L’ancien Président de l’Assemblée nationale, Moustapha Niass, a déposé une plainte devant le doyen des juges d’instruction du Pôle Judiciaire Financier contre feu Abdoulaye Diao, dit Baba Diao, et sa notaire, Me Nafissatou Diop. Il les accuse de faux, usage de faux et escroquerie dans une affaire foncière datant de plusieurs décennies.

Un partenariat d’affaires devenu source de litige

Tout remonte à 1987, lorsque Moustapha Niass et Abdoulaye Diao, alors associés au sein de la société ITOC S.A, ont acquis conjointement un terrain de 6 543 m² à Yoff. La répartition de la propriété fut claire : 2 501 m² pour Niass et 4 042 m² pour Diao. Cet accord avait été dûment enregistré à la conservation foncière de Ngor-Almadies.

Mais plus de trente ans plus tard, l’ancien président de l’Assemblée nationale affirme avoir découvert que son terrain avait été vendu à son insu.

La “vente” découverte par hasard

Selon le plaignant, tout a commencé le 19 février 2021, lorsqu’il a envoyé un collaborateur au service du Cadastre pour obtenir un plan en vue de construire un mur de séparation entre les deux parcelles. Ce dernier aurait alors appris que le terrain appartenant à Moustapha Niass avait été vendu le 29 novembre 2020 à Abdoulaye Diao pour 400 millions de francs CFA, la transaction ayant été effectuée via la banque OUTARDE.

« Je n’ai jamais vendu ce terrain, ni signé un quelconque acte de vente, ni perçu le moindre franc », soutient Moustapha Niass dans sa plainte. Il précise par ailleurs n’avoir aucun compte dans la banque citée.

Pour lui, cette affaire constitue un vol foncier prémédité, organisé par Abdoulaye Diao et la notaire Me Nafissatou Diop.
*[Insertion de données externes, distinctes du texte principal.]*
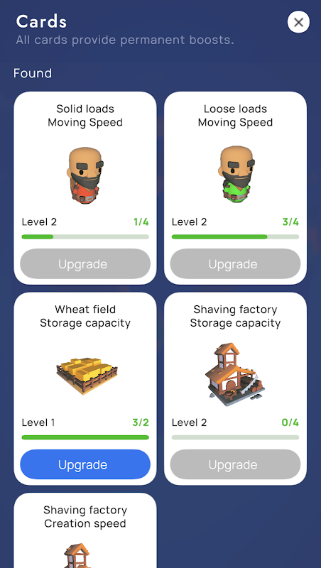 🏆?他们没有锤子、镐或三叉戟,但他们有一个强大的背包和一支光荣的工人团队,他们可以一起将山脉砸成岩石,挖掘矿物和开采黄金。在每个级别升级它以提高您的生产力,并收集更多资源以继续构建。
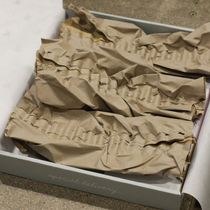 We have replaced bubble wrap and plastic air-filled pockets with recycled paper filler which is also recyclable.
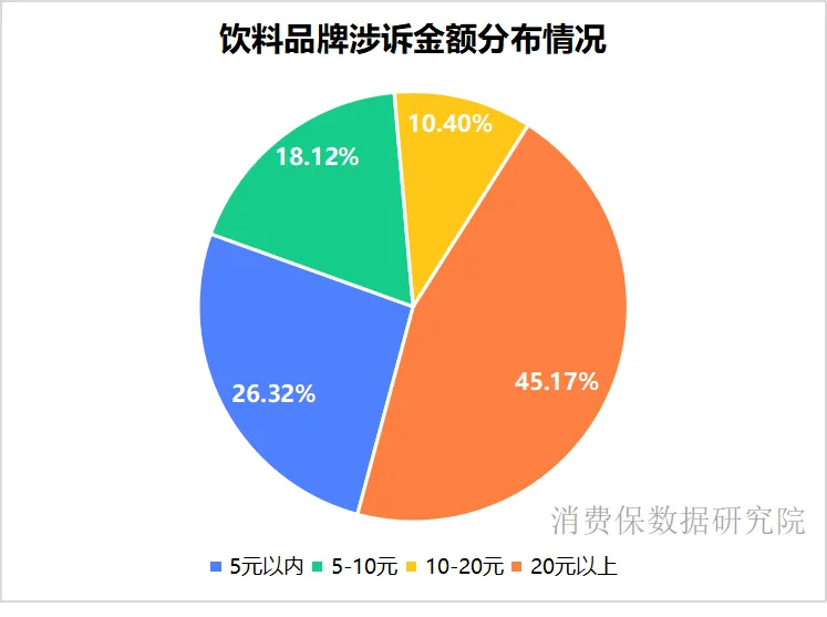 主要饮料品牌相关投诉中,涉诉金额在20元以上的投诉量占比45.17%;其次是金额在5元以内的投诉量,占比26.32%;涉诉金额在5-10元的占比18.12%,10-20元的占比10.40%。
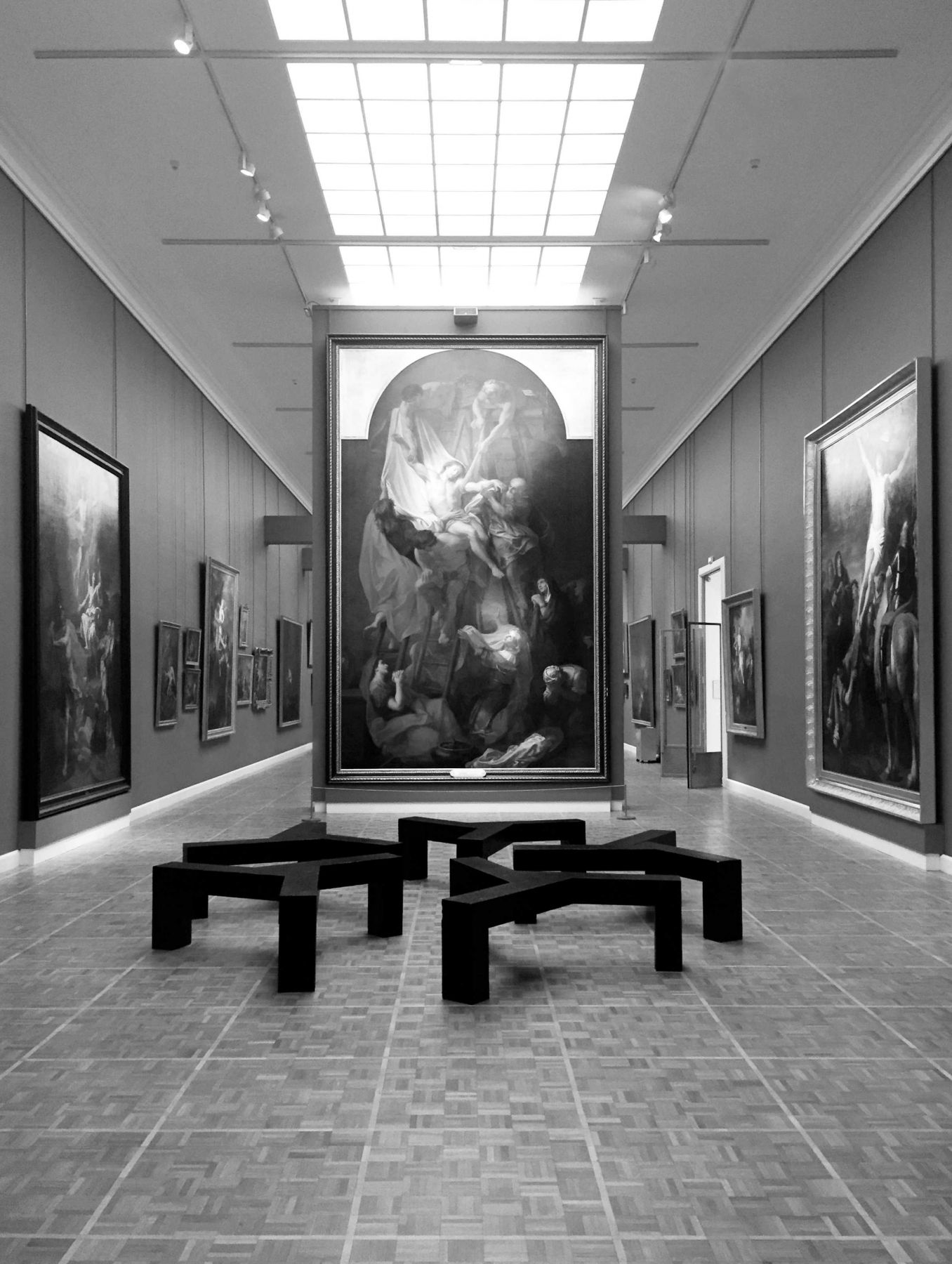 Fleury-Mérogis est entré dans la collection du Musée des beaux-arts de Rennes en 2013. Présentée en permanence au premier étage, dans la grande galerie des retables des XVIIe- XVIIIe siècles, cette œuvre, par sa densité, sa symétrie et sa simplicité, contribue à la majesté de cet ensemble de grands tableaux religieux. Elle permet aux visiteur·se·s une pose méditative et crée un hiatus entre des médiums, des époques et des finalités de l’art.
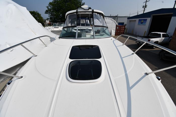 Freshwater / Great Lakes boat since new this vessel features Twin MerCruiser 350-MAG 300-hp Gas Engine's with DTS Bravo III Stenrdrives (w/Joy-Stick Piloting) with 504 hours. Notable features include but are not limited to the following: 2021 Tandem-Axle Trailer, Air-Conditioning & Heat, Head (Vacuflush) w/Vanity/Sink/Shower, Raymarine A70D (Color) GPS w/Chartplotter, Sony Premium Sound System w/Helm-Mounted Control & iPod/MP3-Connection, Cockpit Wet Bar w/Sink/Refrigerator - Note Built-in Cooler Storage, Power Engine Hatch Lift, and MUCH more!
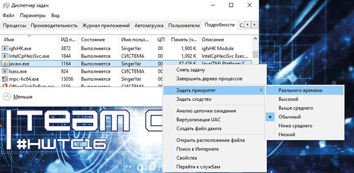 - Запустив бенчмарк нужно выставить процессу javaw.exe приоритет реального времени.
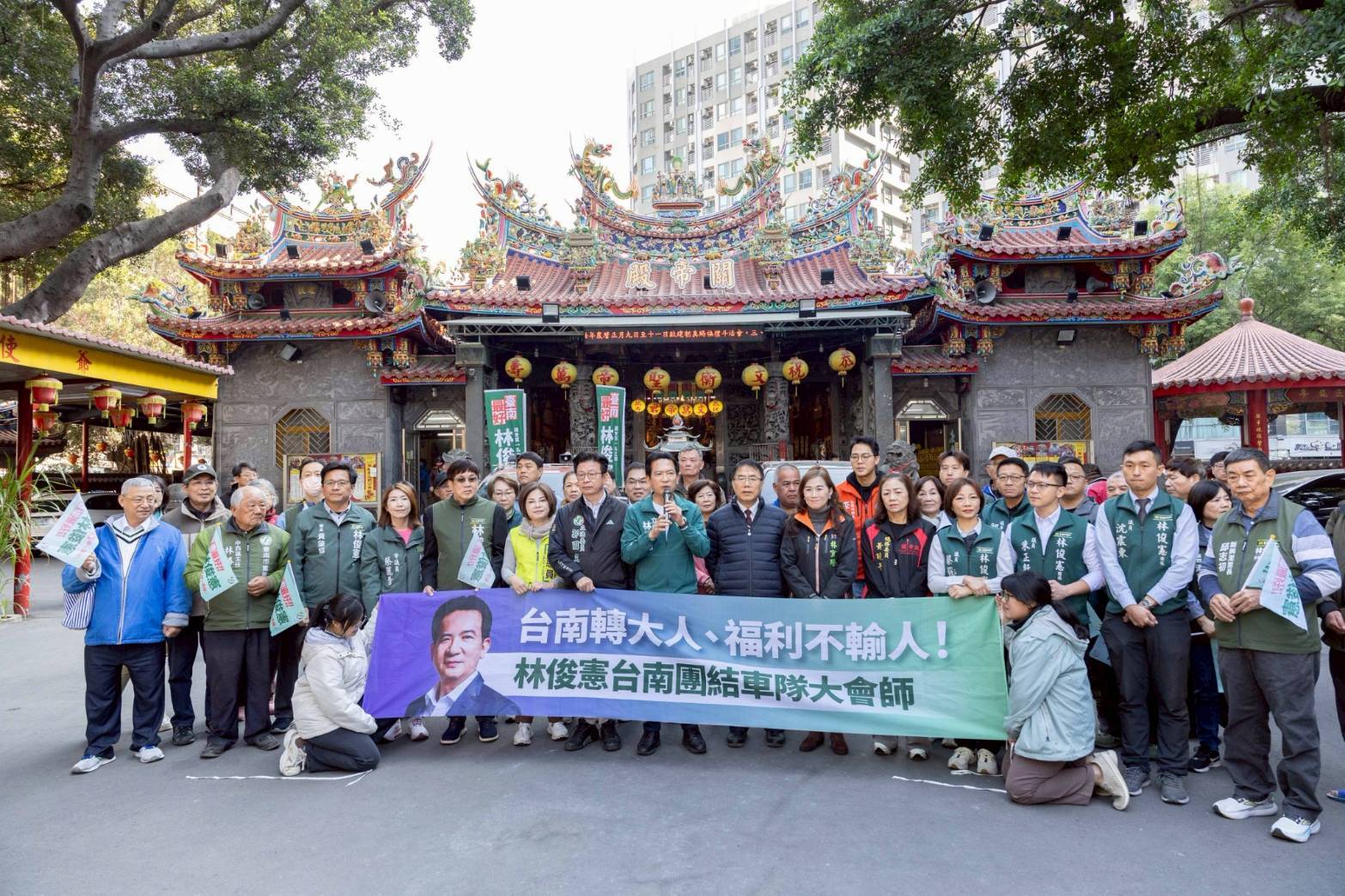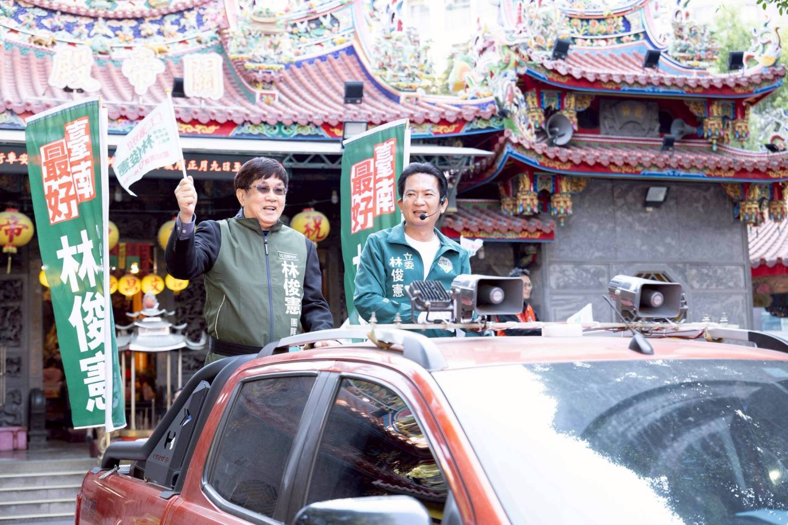 林俊憲表示,今天車隊從東區關帝殿啟程,其實在台南的民主發展中別具意義,過去賴清德競選市長與總統時,都會從關帝殿啟程。
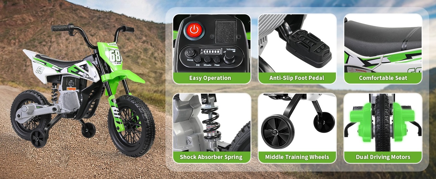 🚩Safe and Stable Ride: Equipped with training wheels, spring shock absorbers, anti-slip off-road tires, and anti-slip foot pedals, this dirt bike ensures a safe and steady ride, preventing accidental falls.

Une notaire au cœur de la polémique

Dans sa déposition du 4 mars 2021, Me Nafissatou Diop a déclaré avoir été saisie par Abdoulaye Diao pour formaliser plusieurs actes de cession entre les deux hommes, datant notamment de janvier 2000 et novembre 2019.
Elle affirme que, « compte tenu de la relation de confiance entre eux », elle remettait toujours les documents à Abdoulaye Diao, qui se chargeait d’obtenir la signature de Moustapha Niass.
Une procédure que ce dernier dénonce vigoureusement : selon lui, il ne s’est jamais présenté au cabinet de la notaire, ni signé aucun acte de cession.

Les contradictions se multiplient : même feu Abdoulaye Diao, interrogé avant son décès, aurait reconnu que Me Diop lui avait simplement indiqué que Moustapha Niass ne souhaitait plus apparaître dans les documents relatifs à ce terrain. Une version que Niass juge totalement mensongère.

Des incohérences dans les actes notariés

L’ancien président du Parlement pointe plusieurs irrégularités dans les documents produits :

  • absence du numéro de carte d’identité nationale de Moustapha Niass ;

  • mention d’un régime matrimonial supposé non vérifié ;

  • enregistrement tardif de l’acte de vente, effectué onze ans après sa prétendue signature, avec pénalités ;

  • et surtout, une signature falsifiée qu’il impute à la notaire.

« Me Nafissatou Diop a commis un faux par supposition de personne et fausse signature dans un acte authentique, puis en a fait usage auprès des impôts et de la conservation foncière », accuse Niass dans sa plainte, évoquant une violation de l’article 133 du Code pénal sénégalais.

Un dossier en sommeil depuis 2021

Malgré les multiples auditions menées entre février et mars 2021, le dossier semble depuis stagnant. Moustapha Niass s’interroge :

« Qui protège Baba Diao et Me Nafissatou Diop ? »

Il affirme qu’aucun progrès n’a été constaté dans l’enquête, malgré les preuves versées au dossier. La notaire aurait même déclaré avoir perdu le dossier lorsque l’un des fils de Moustapha Niass est venu en demander copie.

“Je fais confiance à la justice de mon pays”

Dans sa lettre adressée au Pôle Judiciaire Financier, Moustapha Niass dit vouloir que la lumière soit faite, « dans l’esprit et la lettre des lois de la République ». Il conclut :

« Je réaffirme ma confiance totale en Dieu et en la justice de mon pays. Que cette affaire soit tirée au clair. »

L’ancien président de l’Assemblée nationale évoque par ailleurs d’autres cas présumés de fraude et d’enrichissement illicite impliquant les mêmes protagonistes, qui, selon lui, feront l’objet de procédures ultérieures.